# Dirt Nap Gear DRT Broadhead review



## Top_Pin_Archery (Feb 16, 2012)

Hey guys, I should be receiving two packages of the new DRT (dead right there) broadheads. Wondering if anyone would be interested in some testing and what you think should be done. They will be shot out of a Bowtech CPXL at 31" draw 72 lbs, arrow travels just shy of 320 fps. I don't have access to all the fancy things that have been previously tested by some guys here with their very elaborate tests. I can do the typical things, penetration, angled shots, long shots, ect. Let me know your thoughts! Should have them saturday.


----------



## Longbow42 (Oct 31, 2008)

I would like to see one shot through the shoulder joint of a 250 lb buck, then report back with the results and hopefully pictures of the buck. :wink:


----------



## Top_Pin_Archery (Feb 16, 2012)

well hopefully i can do that, with a bear and a mule deer. time will tell!


----------



## Khunter (Feb 25, 2004)

I'd like to know how they fly at long range (60-100yds) and how they compare to some of the more forgiving heads like the Shuttle T, Slick Trick Standard, Wac Em etc....
They look similar to the Solid Broadhead, I wonder how they compare to those, understanding of course that the Solids are more than twice the price.


----------



## SweetTalker (Nov 20, 2012)

I would like to know if they have a different flight if the main blade is verti le vs horizontal


----------



## Top_Pin_Archery (Feb 16, 2012)

OK good idea guys, I will be shooting them to 110 yards, thats all i can get out of my property. I will see if i can set the heads and fletch and arrow for each vertical and horizontal. I am going to test penetration (through a new block target, since thats all i have) between, a shuttle t, wac'em, ramcat, the DRT, and also a slick trick mag. those are all the heads i have


----------



## Top_Pin_Archery (Feb 16, 2012)

Received them Saturday give me a couple days with them and I will write up a little piece on them


----------



## chirohunter73 (Nov 29, 2008)

look forward to the review!


----------



## chad8 (Sep 6, 2011)

Following


----------



## Mahly (Dec 18, 2002)

Shoot coconuts!!! They are an excellent substitution for bone. I have done this on several broad heads, only the best make it through without significant damage.


----------



## Top_Pin_Archery (Feb 16, 2012)

Got some videos of them out to 90 yards, no coconuts yet... but that is a good idea! will upload them tonight.


----------



## alawrence (Feb 26, 2013)

Put them through a rack of beef ribs and when done BBQ the ribs. It should give an indicator of their toughness going through bone and flesh.

Andrew


----------



## Khunter (Feb 25, 2004)

Top_Pin_Archery said:


> Got some videos of them out to 90 yards, no coconuts yet... but that is a good idea! will upload them tonight.

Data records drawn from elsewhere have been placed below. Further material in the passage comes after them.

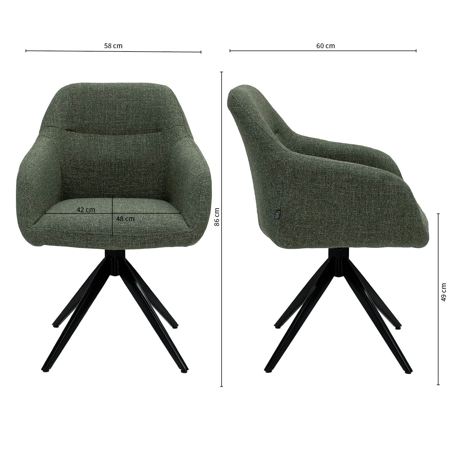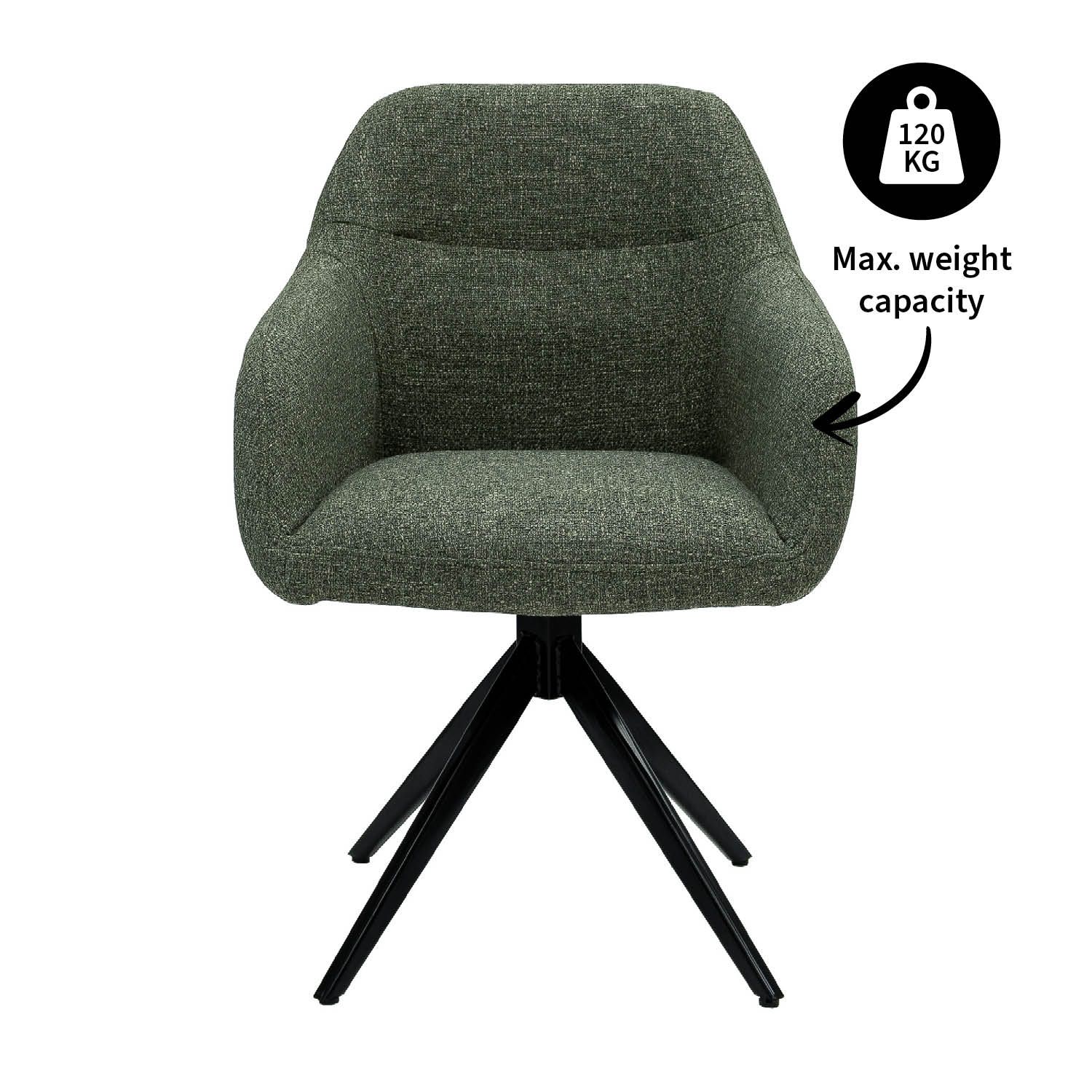 Looking for a dining chair that combines comfort, design, and functionality? Then the KICK swivel chair RAVI is your perfect match. This modern swivel chair exudes class with its coarse textured fabric and sturdy black metal base. Thanks to the handy 180° swivel mechanism, you can enjoy extra freedom of movement, ideal during long dinners or cozy evenings at the table.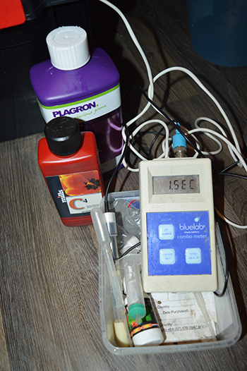 Stel ik de pH-waarde aan het begin van de dag (als de lampen net aan staan) in op ongeveer 5,8. De volgende ochtend is die alweer gedaald naar een pH-waarde tussen de 4,8 en 5,3. Het waterniveau daalt ook, dus de planten nemen genoeg water op. Maar de EC-waarde stijgt, zodat het bijna lijkt alsof de wietplanten alléén maar water opnemen, en geen voeding.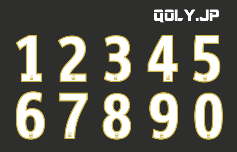アウェイキットの背番号を掲載。「ホワイトにゴールドの縁取り」は、ナンバーだけではなくネームも共通のカラーコンビネーションとなっている。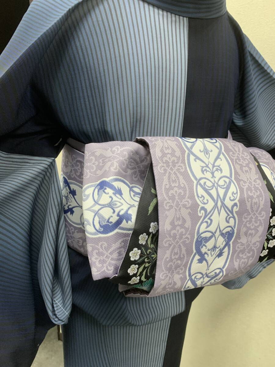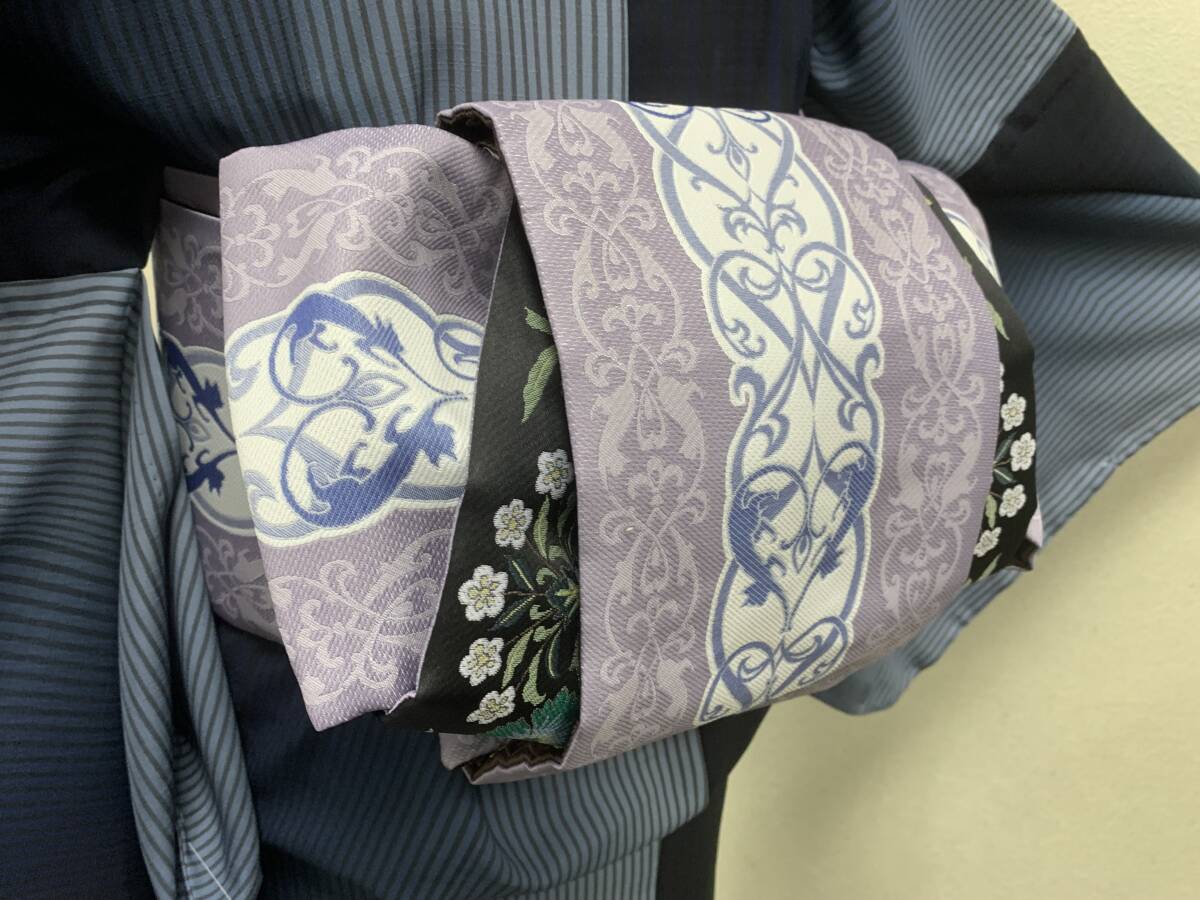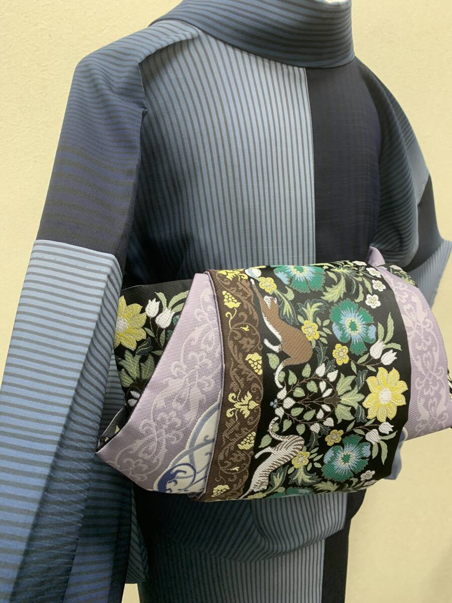 おしゃれな着物に合わせて、両面生かせます。長尺ですので結び方もアレンジできます。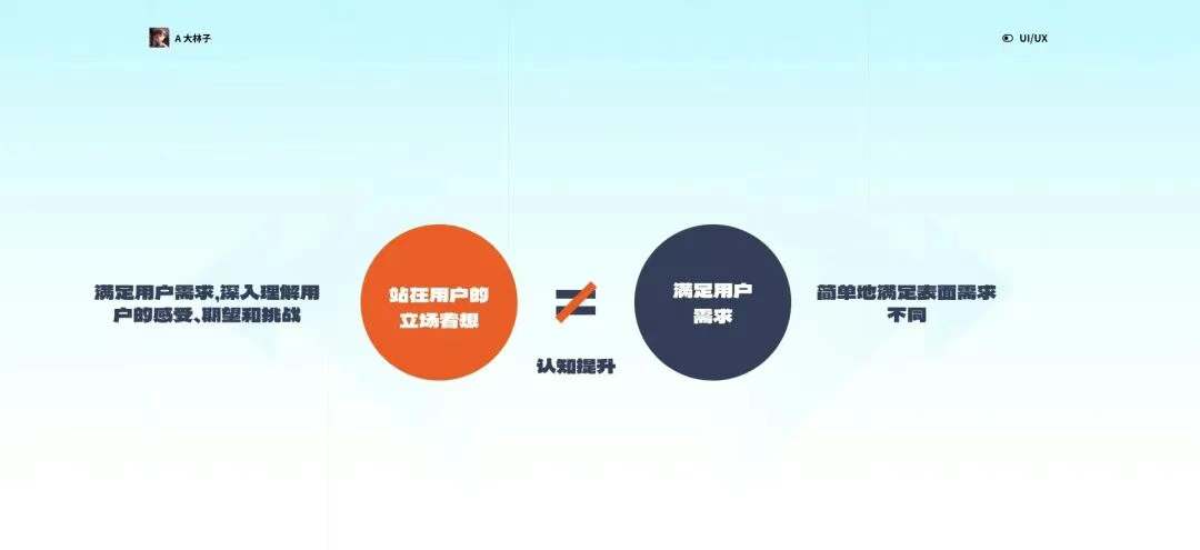 3. 明確3:要「站在用戶的立場著想」,而不是「滿足用戶需求」 這一認知挑戰(zhàn)了以往滿足用戶需求的思維模式。不僅要了解用戶的需求,更要站在用戶的視角,深入理解他們的痛點和欲望。通過這種方式,設計可以更好地貼合用戶的實際體驗,而不僅僅是單純地提供功能。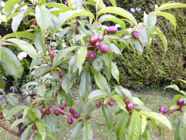C'est un pécher acheté en pot ? Vous pouvez laisser un fruit pour voir la variété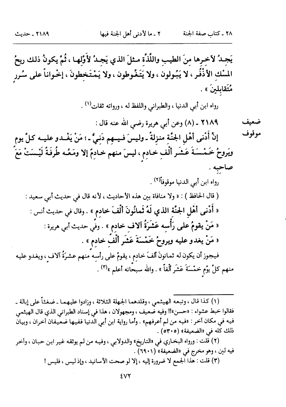 (¬1) كذا قال، وتبعه الهيثمي، وقلدهما الجهلة الثلاثة، وزادوا عليهما -ضغثاً على إبالة- فقالوا خبط عشواء: "حسن"!! وفيه ضعيف، ومجهولان، هذا في إسناد الطبراني الذي قال الهيثمي فيه في مكان آخر: "فيه من لم أعرفهم". وأما رواية ابن أبي الدنيا ففيها ضعيفان آخران، وبيان ذلك كله في "الضعيفة" (5305).

Can't wait to hear how they flew, or see the video. Were they as forgiving as some of the smaller heads?


----------



## nick060200 (Jul 5, 2010)

I actually just bought some today based solely on the warranty. A Magnus single bevel


----------



## Top_Pin_Archery (Feb 16, 2012)

OK here we go...
First and foremost, the owner Tom is top notch. Returns emails, is personable and a dream to work with, so thank you for all your time and effort in keeping me up to date and answering my silly questions. You are starting your business the way a guy needs to, customers first! 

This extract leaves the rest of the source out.